People began slow-dancing beneath the stars and the moons and the mountain. Nell and Derek moved in the very center of the crowd. I watched them as they lovingly smiled into each other’s faces; then I watched both Nell’s parents and Tan’s parents as they too danced. Then I looked beyond all of them, at the mountain again, then to the distant Diamond sky, to the purple-black where the stars shimmered in their special silvery way.
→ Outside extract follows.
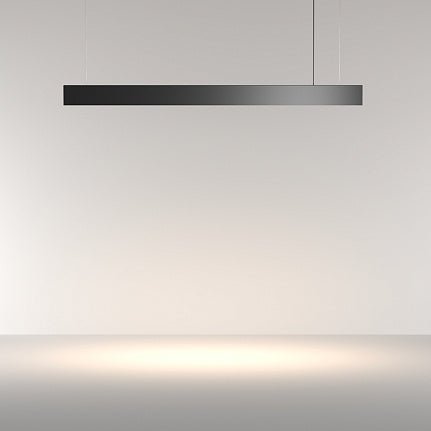 Die Maytoni P051PL-36W2.7-6K-B Pendelleuchte aus der BASIS-Serie kombiniert modernes, minimalistisches Design mit innovativer LED-Technologie. Der rechteckige Aluminiumkörper in mattem Schwarz ist 112,5 cm lang, 3,3 cm breit und höhenverstellbar von 9 cm bis 209,7 cm, sodass die Leuchte flexibel an unterschiedliche Raumhöhen angepasst werden kann. Das integrierte LED-Modul liefert 36 W Leistung bei 2310 Lumen und bietet eine einstellbare Farbtemperatur von 2700 K bis 6000 K, sodass das Licht je nach Bedarf von warmweiß bis tageslichtweiß variiert werden kann.

I thought of those other mountains. I thought of what I’d learned and what I’d never learn.
Life here was risky. But, as with anywhere, life here also came with rewards.
Tan walked up to me then, pulling me back against him; he slowly moved behind me, his body’s rhythm in time with the song playing. I hugged his warm arms to me as we swayed and stared at our friends and our family, and the stars.
“So…have you thought about what I said before in the kitchen?” blew Tan’s soft voice near my ear.
“I love yo
u,” I said, leaning back into him more. “And this is my new home—our home.” His arms quickly tightened around me.
And I smiled in happiness because I realized then that, sometimes, life is good.
Diamond Deception
I was lying on my living-room couch when I learned that someone wanted to kill me.
I’d just spent a long busy day at my office putting the finishing touches on an agreement for a huge security job, and I’d been looking forward to getting home and falling back on just this couch. But I’d made the mistake of taking my mail with me to my resting place.
I’d picked up the mail from the high-security building at the post-office center in Sapphire Lake. Months ago I’d had both my mail and my boyfriend Tan’s mail go to a special safety mailbox there—and that included all the mail from my business, Miscellaneous Solutions Associated. Operating both my business and my life that way was safer. Of course, having to pick up mail at the post office at least several times a week was also more out of my way. And keeping that box was also more expensive, a lot more expensive.
But, considering all the events of my past and that my work was often in security itself, I had become increasingly security-minded about my life, all while trying to lead a more upstanding life—a curious balance of working on being a better person while constantly having to remember I’d been a much worse person. Some days I wondered if I was successful at that balance.
Today was one of those days.
I’d been yawning when I first opened the normal-looking white envelope. Nothing on the outside could have alerted me to what the inside contained. I’d received many similar envelopes in the past. Proposals from potential clients, invoices from current clients, checks from previous clients, tax forms—these were what Normal White Mailing Envelopes should contain.